For this exercise, repeat the whole listing below exactly. Leave the pictures out.

Data provided:

((

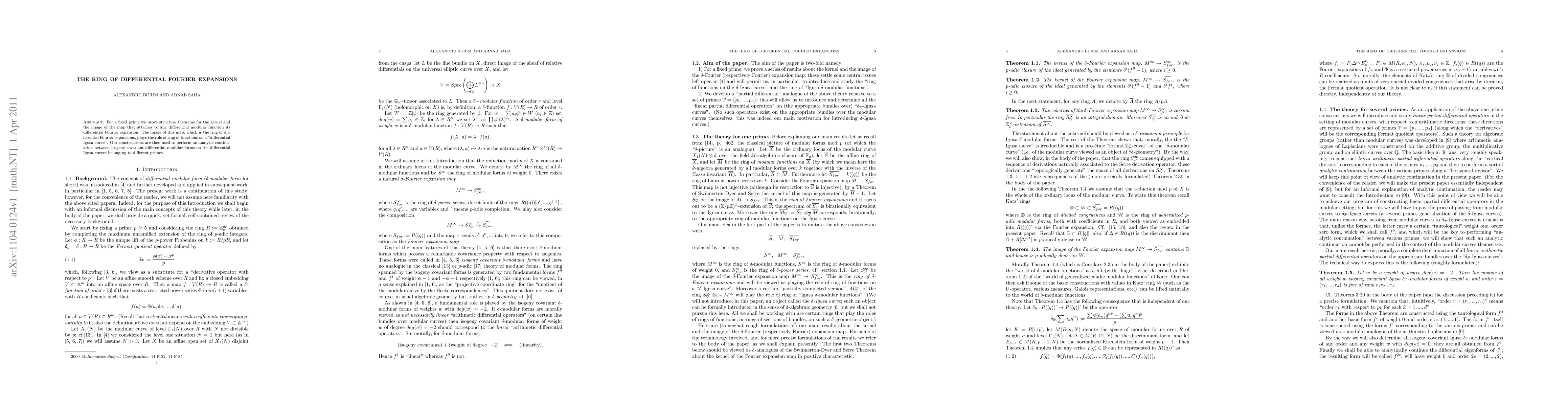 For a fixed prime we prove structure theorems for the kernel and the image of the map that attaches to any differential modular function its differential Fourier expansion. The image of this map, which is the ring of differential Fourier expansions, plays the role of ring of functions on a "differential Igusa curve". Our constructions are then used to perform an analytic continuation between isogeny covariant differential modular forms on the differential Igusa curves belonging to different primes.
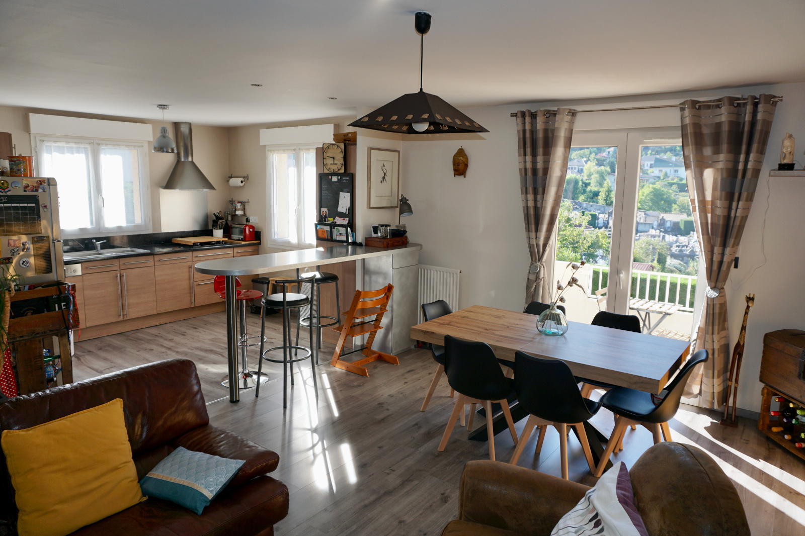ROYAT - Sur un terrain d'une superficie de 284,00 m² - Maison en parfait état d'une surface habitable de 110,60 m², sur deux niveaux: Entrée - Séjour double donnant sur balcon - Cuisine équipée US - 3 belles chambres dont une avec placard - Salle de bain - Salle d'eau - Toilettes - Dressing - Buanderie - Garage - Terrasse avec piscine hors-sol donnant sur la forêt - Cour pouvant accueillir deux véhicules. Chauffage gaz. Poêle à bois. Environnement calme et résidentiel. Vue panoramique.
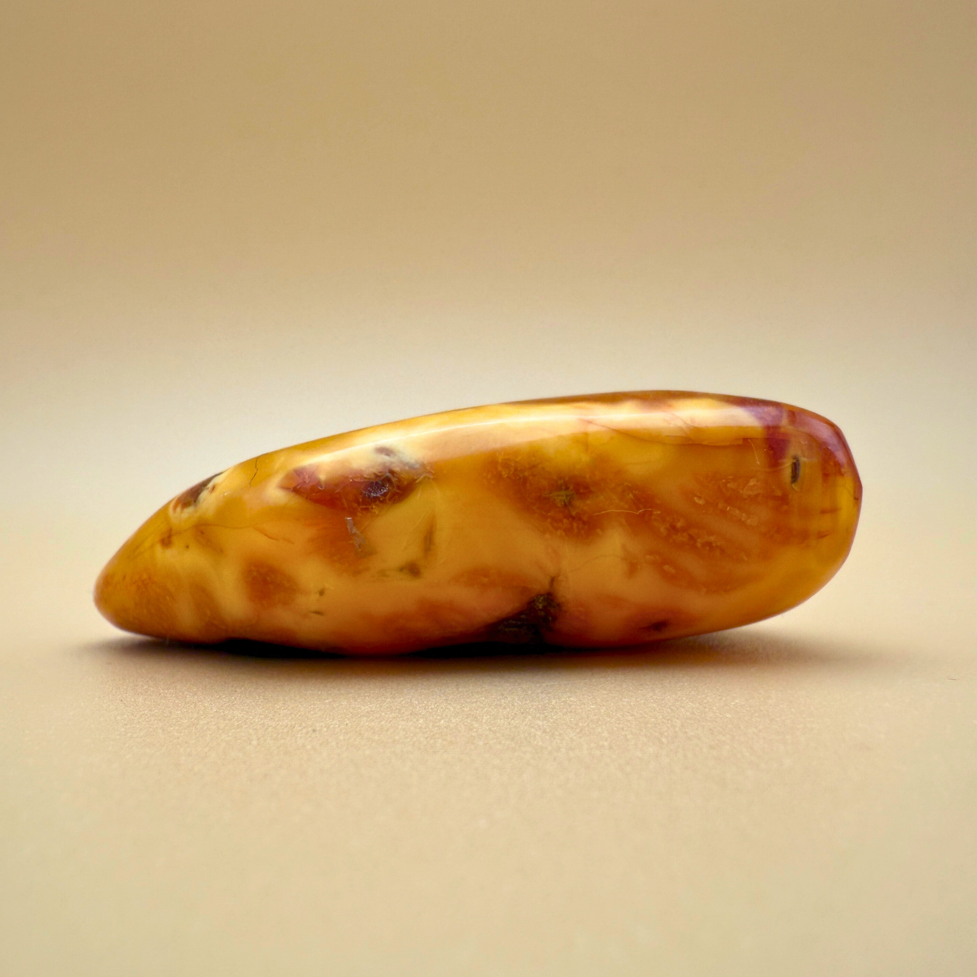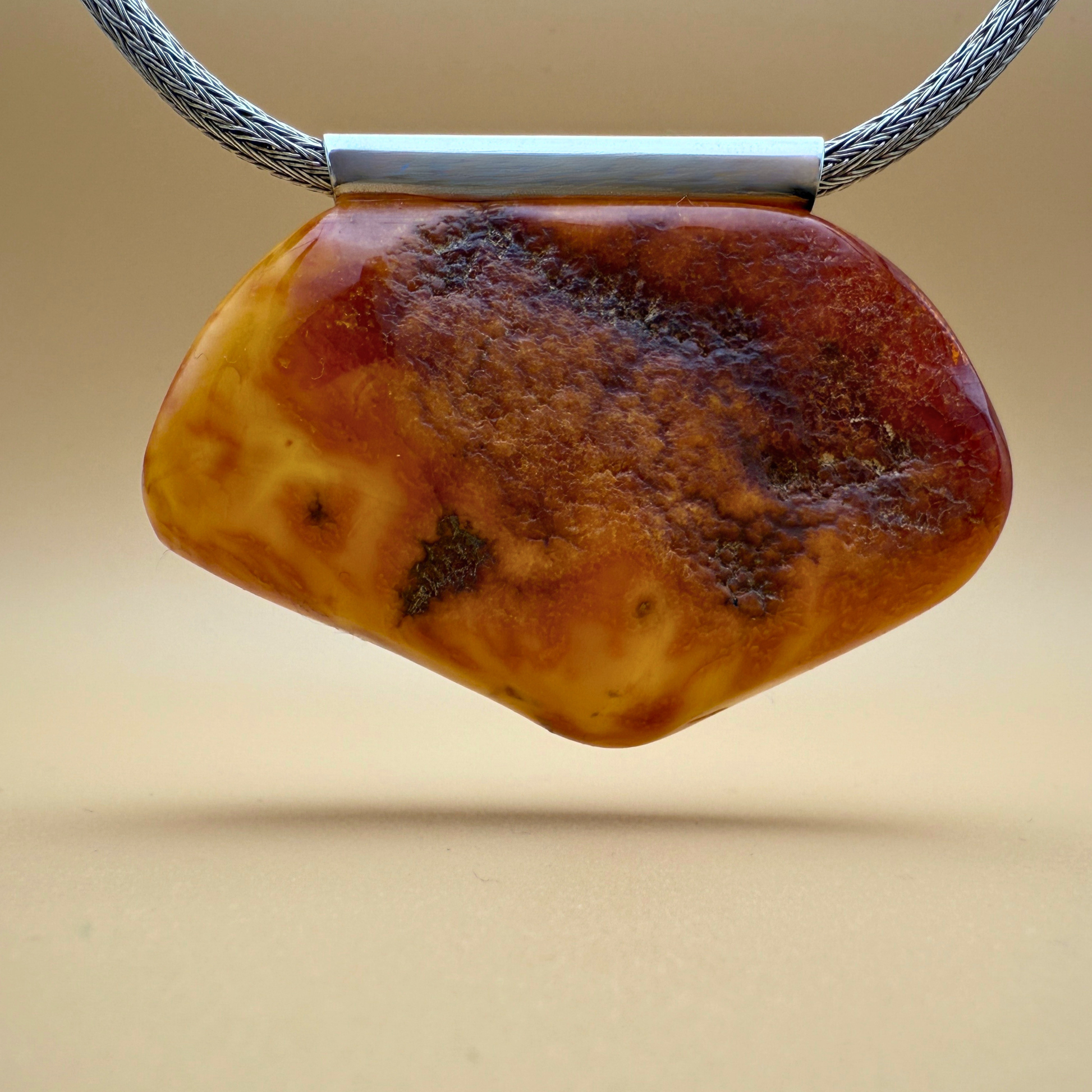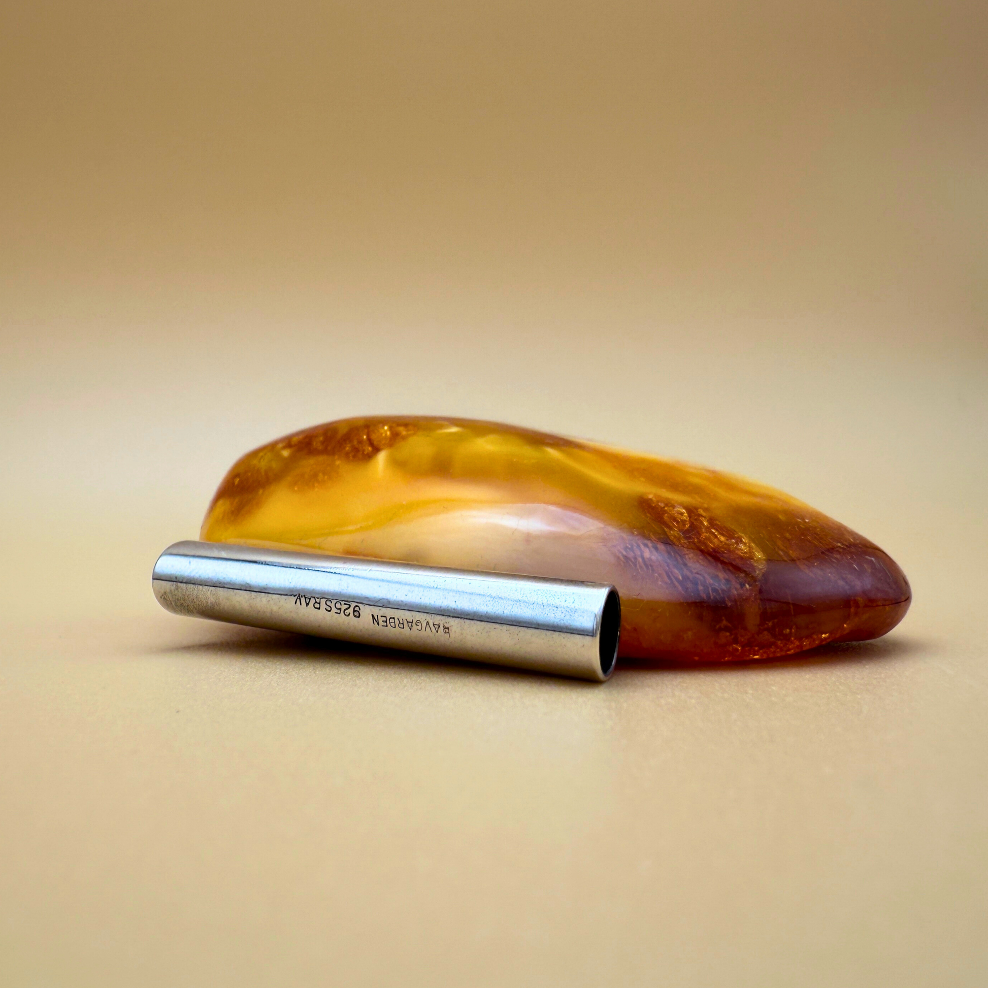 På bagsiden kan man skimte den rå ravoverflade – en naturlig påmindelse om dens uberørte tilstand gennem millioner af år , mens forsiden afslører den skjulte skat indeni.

))

Final answer:
 For a fixed prime we prove structure theorems for the kernel and the image of the map that attaches to any differential modular function its differential Fourier expansion. The image of this map, which is the ring of differential Fourier expansions, plays the role of ring of functions on a "differential Igusa curve". Our constructions are then used to perform an analytic continuation between isogeny covariant differential modular forms on the differential Igusa curves belonging to different primes.
ROYAT - Sur un terrain d'une superficie de 284,00 m² - Maison en parfait état d'une surface habitable de 110,60 m², sur deux niveaux: Entrée - Séjour double donnant sur balcon - Cuisine équipée US - 3 belles chambres dont une avec placard - Salle de bain - Salle d'eau - Toilettes - Dressing - Buanderie - Garage - Terrasse avec piscine hors-sol donnant sur la forêt - Cour pouvant accueillir deux véhicules. Chauffage gaz. Poêle à bois. Environnement calme et résidentiel. Vue panoramique.
 På bagsiden kan man skimte den rå ravoverflade – en naturlig påmindelse om dens uberørte tilstand gennem millioner af år , mens forsiden afslører den skjulte skat indeni.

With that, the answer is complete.